Tales programas, si fueran ofrecidos a los estudiantes durante su carrera de derecho, involucrarían la cooperación entre otras facultades, lo que ampliaría el abanico de conocimientos que tradicionalmente se ofrece en los cursos de leyes dentro de una universidad. Esto podría ayudar también para que escuelas de posgrado, en las que los estudiantes podrían especializarse en leyes, también participen en programas ofrecidos por otros departamentos.

Todo esto sugiere que la actual uniformidad de las principales escuelas de derecho en su estructura y propósito es inútil. Se ha asumido que una buena escuela de leyes es la que más estudiantes gradúa, pero sabemos que muchos de estos abogados graduados están huecos por dentro. Es un error pensar que los abogados están bien capacitados porque se saben de memoria los códigos, cuando la realidad es que no tienen ideas para aportar en la solución de los problemas que afectan al país.
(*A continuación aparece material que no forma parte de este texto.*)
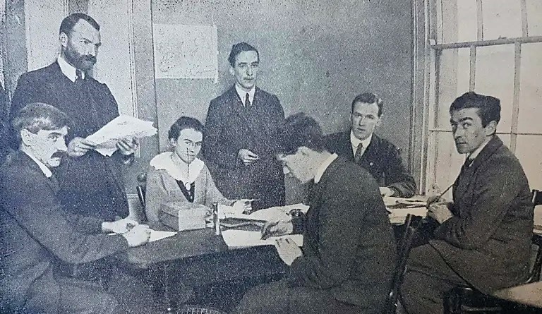 In one place in Co. Dublin the speaker turned the police warning into ridicule. Immediately after being warned by the police not to carry the Red Flag he mounted the platform and holding the Red Flag in his hand said, “The police object to me carrying the Red Flag. Well, I’ve carried a red head for over twenty years and nobody has ever objected to it.”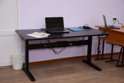 В учебных помещениях (в учебных кабинетах и лабораториях, библиотеке и др.), в которых согласно учебному плану (индивидуальному учебному плану) и расписанию занятий обучаются инвалиды и лица с ограниченными возможностями здоровья оборудованы 1-2 места для студентов-инвалидов с нарушением опорно-двигательного аппарата (увеличен размер зоны на одно место с учётом подъезда и разворота кресла-коляски, увеличена ширина прохода между рядами столов), нарушениями слуха и зрения.

Cualquier autocrítica de nuestra sociedad debe iniciar por hacer la distinción entre juicio legal y examen moral. Y sería interesante saber, por ejemplo, si los diputados abogados son más legalistas, porque ejercen su profesión las 24 horas al día, si esta práctica es común en otros países, si existen profesionales de otras profesiones que exigen igual trato, si los casos que ventilan serán del ámbito público, si los honorarios cobrados serán colgados en la página web de la Asamblea o si los manejarán con la misma privacidad con que administran sus planillas secretas.

Al permitirse el ejercicio del derecho mientras ocupa el cargo de diputado, se abre una caja de Pandora con consecuencias que nadie ha evaluado. Y con ello otro montón de preguntas: ¿cobrarán su sueldo completo de diputados mientras tengan licencia para litigar como abogados y si defenderán a sus clientes con las mismas artimañas que usan en el pleno para exonerarse de las infracciones que cometen? Estas son preguntas difíciles que se encuentran en la intersección del derecho y la justicia, de la historia y la filosofía, de la teoría y la práctica, de lo legal y lo moral.

A pesar de que los diputados tienen potestad constitucional para otorgarse esta licencia, insistimos en que el hecho que se distancien de sus funciones medulares, especialmente en estos momentos en que carecen de credibilidad, es un caso prometedor para que estudiantes y profesores de las escuelas de derecho investiguen sobre su conveniencia, de cara a que estos diputados han inventado una nueva rama del derecho, llamada Sociología Económica Jurídica, que estudia sobre las múltiples alternativas que tienen los diputados abogados para aumentar sus ingresos. No podemos esperar para conocer la opinión ilustrada de quienes logren examinar a conciencia este tema tan escabroso.